“God bless me, I must think.... It must have been about a year after Her Majesty took the throne.”
For forty years and nine months old Mr. Howe had acted at the Haymarket Theater! When he was first there, the theater was lighted with oil lamps, and when a lamp smoked or went out, one of the servants of the theater came on and lighted it up again during the action of the play.
It was the acting of Edmund Kean in “Richard III.” which first filled Daddy Howe with the desire to go on the stage. He saw the great actor again when he was living in retirement at Richmond—in those last sad days when the Baroness Burdett-Coutts (then the rich young heiress, Miss Angela Burdett-Coutts), driving up the hill, saw him sitting huddled up on one of the public seats and asked if she could do anything for him.

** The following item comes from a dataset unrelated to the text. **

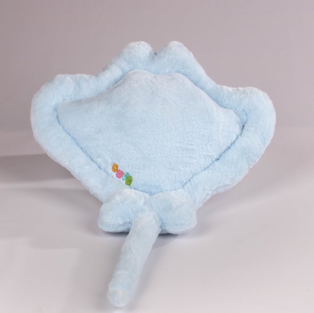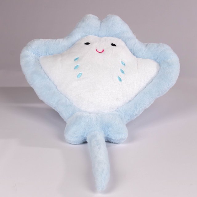 Una adorable mantarraya en tono azul celeste con detalles blancos y faciales bordados que transmite ternura y simpatía. Su diseño plano y alargado con cola extendida lo convierte en un peluche cómodo para abrazar, decorar o coleccionar.
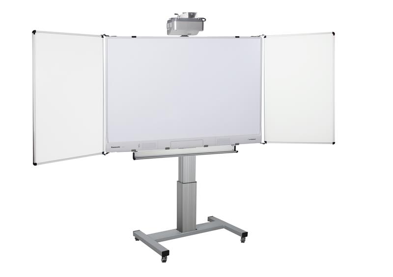 Mittelfläche interaktives Panasonic Board, Oberfläche: Hartfaserplatte mit Melaminbeschichtung, Interaktivität durch kapazitiven Berührungssensor, bedienbar mit 3 Fingern und/oder Stiften gleichzeitig, Lautsprechersystem im Rahmen integriert, inkl. Software Easiteach, Projektorhalterung,Fahrbares Gestell, Höhenverstellungssystem elektrische Pylone, Ultranahdistanzbeamer, Panasonicbeamer PT-CW 230 Auflösung: W-XGA 1280 x 800

“Nothing, I think,” he answered sadly. “Ah yes, there is one thing. You were kind enough the other day to send me some very excellent brandy. Send me some more."[1]
[Footnote 1: This was a favorite story of Henry Irving’s, and for that reason alone I think it worth telling, although Sir Squire Bancroft assures me that stubborn dates make it impossible that the tale should be true.]
Of Henry Irving as an actor Mr. Howe once said to me that at first he was prejudiced against him because he was so different from the other great actors that he had known.
“‘This isn’t a bit like Iago,’ I said to myself when I first saw him in ‘Othello.’ That was at the end of the first act. But he had commanded my attention to his innovations. In the second act I found myself deeply interested in watching and studying the development of his conception. In the third act I was fascinated by his originality. By the end of the play I wondered that I could ever have thought that the part ought to be played differently.”
Daddy Howe was the first member of the Lyceum company who got a reception from the audience on his entrance as a public favorite. He remained with us until his death, which took place on our fourth American tour in 1893.
Every one has commended Henry Irving’s kindly courtesy in inviting Edwin Booth to come and play with him at the Lyceum Theater. Booth was having a wretched season at the Princess’s, which was when he went there a theater on the down-grade, and under a thoroughly commercial management. The great American actor, through much domestic trouble and bereavement, had more or less “given up” things. At any rate he had not the spirit which can combat such treatment as he received at the Princess’s, where the pieces in which he appeared were “thrown” on to the stage with every mark of assumption that he was not going to be a success.
Yet, although he accepted with gratitude Henry Irving’s suggestion that he should migrate from the Princess’s to the Lyceum and appear there three times a week as Othello with the Lyceum company and its manager to support him, I cannot be sure that Booth’s pride was not more hurt by this magnificent hospitality than it ever could have been by disaster. It is always more difficult to receive than to give.